> _Task input_
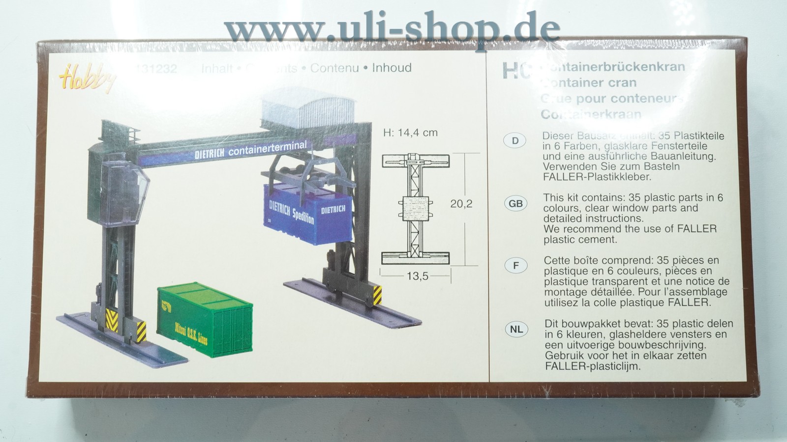 Faller H0 Modellhaus mit der Artikelnummer 131232 Containerbrückenkran. Die Originalverpackung ist vorhanden.
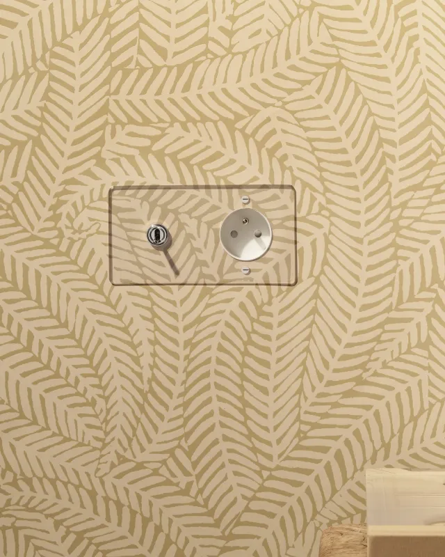 Schlank und schnörkellos: Das ist unser Schalter mit Kipphebel und französischer Steckdose in Zweifachrahmen. Macht sich neben dem Bett oder in der Küche ganz besonders gut.
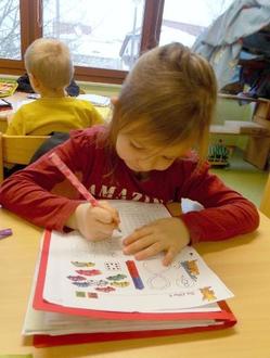 Neben den Zahlen trainierten wir auch wichtige feinmotorische Fähigkeiten, indem wir mit der Schere geschnitten und Schleifen gebunden haben. Beim Schleifenbinden hilft uns der selbstgebastelte Schleifentrainer aus einer Eierpappe. Die Kinder sind begeistert, ihre Fähigkeiten zu verbessern und stolz auf ihre selbstgemachten Kunstwerke. Sogar einen Scherenführerschein und eine Urkunde für den Schleifenkönig/die Schleifenkönigin gibt es in den Vorschulhefter rein.
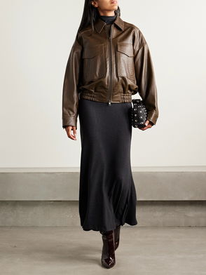 This piece is part of the ATELIER capsule; an exploration of the modern wardrobe, founded on the principles of luxury and exceptional design. For Autumn Winter 2024, the ATELIER designers offer a modernised take on the classic bomber jacket. This piece is cut in a rounded, oversized shape and features a press-stud stand collar and pockets at the front and side. Style it with the matching trousers. Tanned a rich chestnut tone, it's crafted from premium chrome-free nappa leather that is luxuriously soft to the touch. It's fully lined with a quilted interior for additional warmth. The zipped placket is bordered with tonal topstitching, while the ribbed leather hem is partly concealed by a double-layered back for a clean finish.
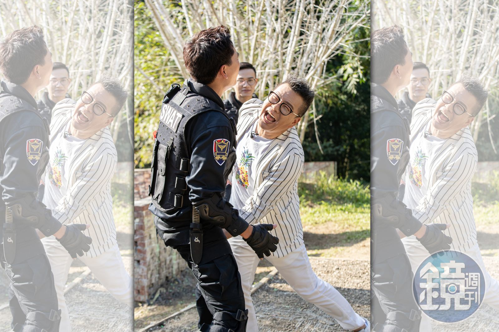 王傳一笑說「因為當天從一早就拍了很多動作戲,拍到後來其實蠻累的,可能有點恍神了,但玉琳哥一來現場氣氛立刻就嗨了起來,連我也在恍惚間莫名其妙被他帶著走,有種被拐了很多答案的感覺。」
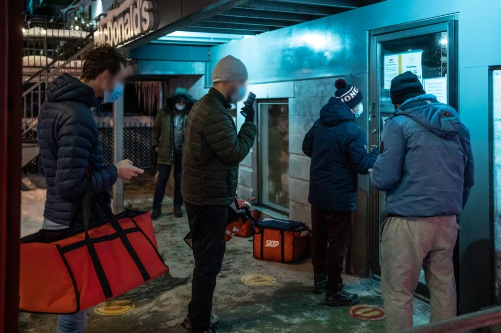 À quelques mètres de là, une demi-douzaine de livreurs d’Uber Eats font le pied de grue devant une succursale du McDo en attendant leur commande. Ils exhibent leur cellulaire à travers la porte vitrée à l’attention de l’employée de la chaîne, débordée, qui sort ensuite un à un les sacs remplis de malbouffe.
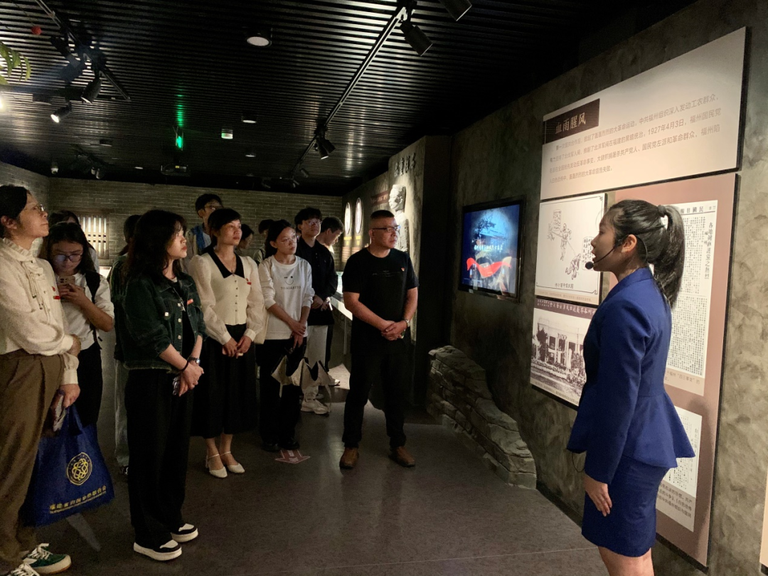 党建聚合力,共建暖民心。为深入开展习近平新时代中国特色社会主义思想主题教育,推进学校与社区居民形成合作协力,达成共建共荣。2023年10月24日上午,点点taptap官网党总支陈琛书记带领部分青年党员教师出席凤凰池社区党委党建联席会议,并与其联合共建单位部分党员在福州市革命英烈事迹陈列馆内,开展了一堂以“参观、演绎、互动、感悟”为主题的教育微党课。
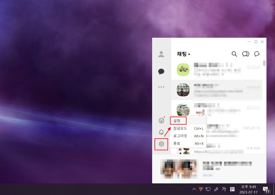 PC 버전에서도 모바일과 마찬가지로 묶어서 보낼 수 있습니다. 좌측 하단에 톱니바퀴 모양 아이콘을 클릭하고 [설정] 버튼을 선택합니다.

> _Problem_
Exact copies of the lines from the one containing "À quelques mètres" through the end of the records above are required, with no pictures among them.

> _The answer_
 À quelques mètres de là, une demi-douzaine de livreurs d’Uber Eats font le pied de grue devant une succursale du McDo en attendant leur commande. Ils exhibent leur cellulaire à travers la porte vitrée à l’attention de l’employée de la chaîne, débordée, qui sort ensuite un à un les sacs remplis de malbouffe.
 党建聚合力,共建暖民心。为深入开展习近平新时代中国特色社会主义思想主题教育,推进学校与社区居民形成合作协力,达成共建共荣。2023年10月24日上午,点点taptap官网党总支陈琛书记带领部分青年党员教师出席凤凰池社区党委党建联席会议,并与其联合共建单位部分党员在福州市革命英烈事迹陈列馆内,开展了一堂以“参观、演绎、互动、感悟”为主题的教育微党课。
 PC 버전에서도 모바일과 마찬가지로 묶어서 보낼 수 있습니다. 좌측 하단에 톱니바퀴 모양 아이콘을 클릭하고 [설정] 버튼을 선택합니다.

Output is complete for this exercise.